* _EXCERPTED DATA_

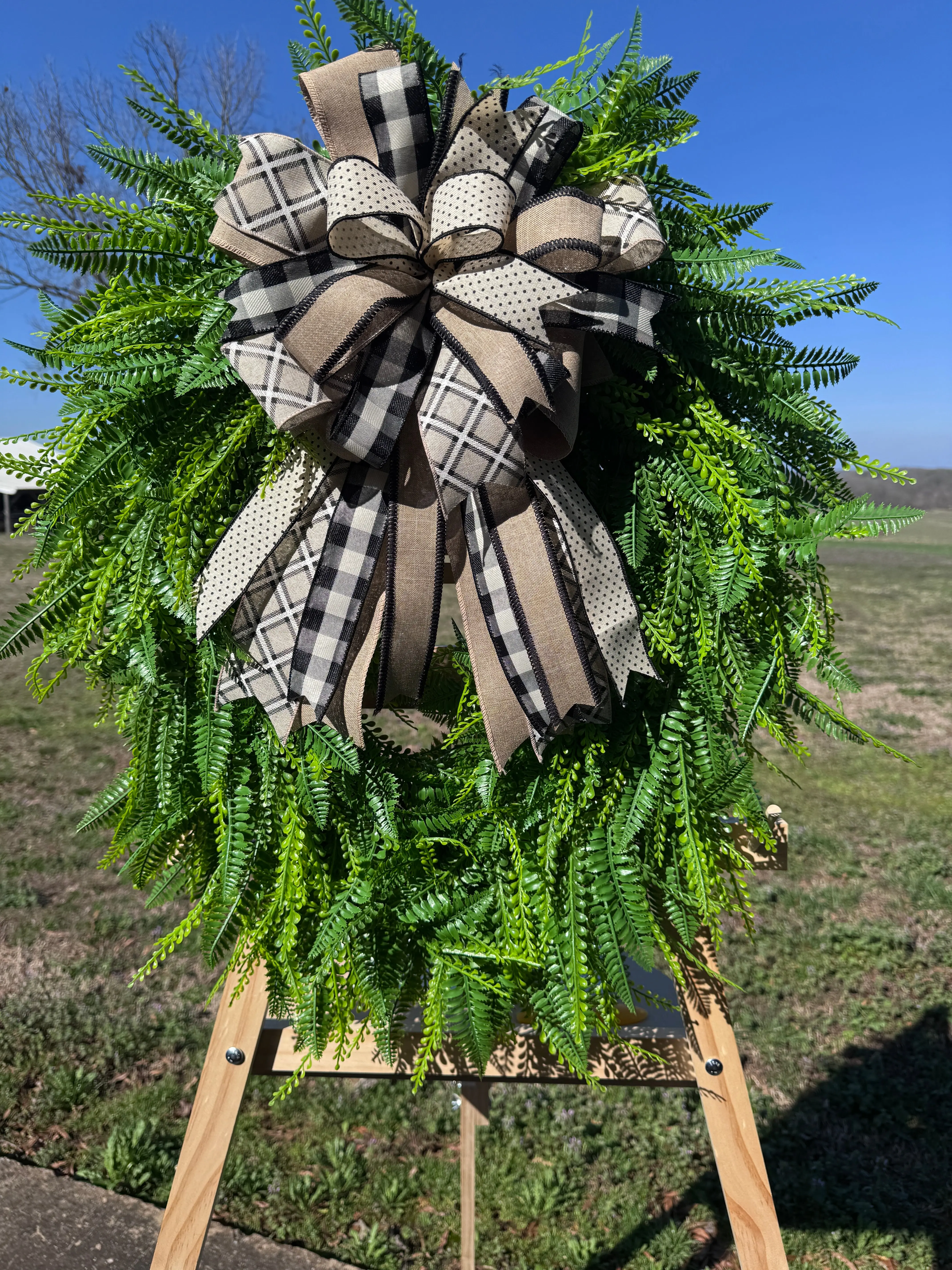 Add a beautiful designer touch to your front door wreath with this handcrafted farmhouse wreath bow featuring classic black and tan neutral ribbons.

--

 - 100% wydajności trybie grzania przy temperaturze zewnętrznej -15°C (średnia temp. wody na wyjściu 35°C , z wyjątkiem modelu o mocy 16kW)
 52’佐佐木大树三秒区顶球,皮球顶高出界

---

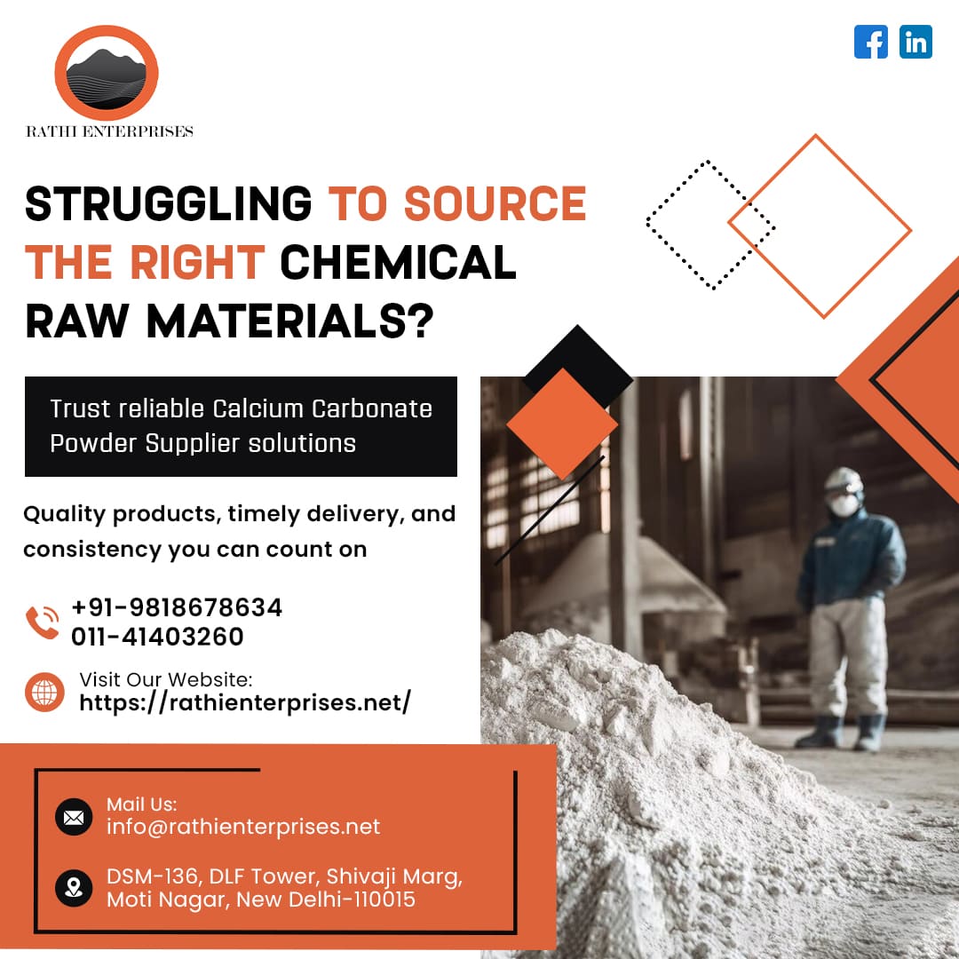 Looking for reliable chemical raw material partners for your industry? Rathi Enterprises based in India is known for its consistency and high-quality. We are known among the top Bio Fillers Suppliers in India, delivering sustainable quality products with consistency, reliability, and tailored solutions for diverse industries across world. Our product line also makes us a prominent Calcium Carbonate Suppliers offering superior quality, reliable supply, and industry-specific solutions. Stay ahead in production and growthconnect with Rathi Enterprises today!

* _ASSIGNMENT_
Looking at the records above, return exactly the lines from the line with "- 100% wydajności" to the line with "52’佐佐木大树三秒区顶球,皮球顶高出界", both ends included.

* _EXPECTED ANSWER_
 - 100% wydajności trybie grzania przy temperaturze zewnętrznej -15°C (średnia temp. wody na wyjściu 35°C , z wyjątkiem modelu o mocy 16kW)
 52’佐佐木大树三秒区顶球,皮球顶高出界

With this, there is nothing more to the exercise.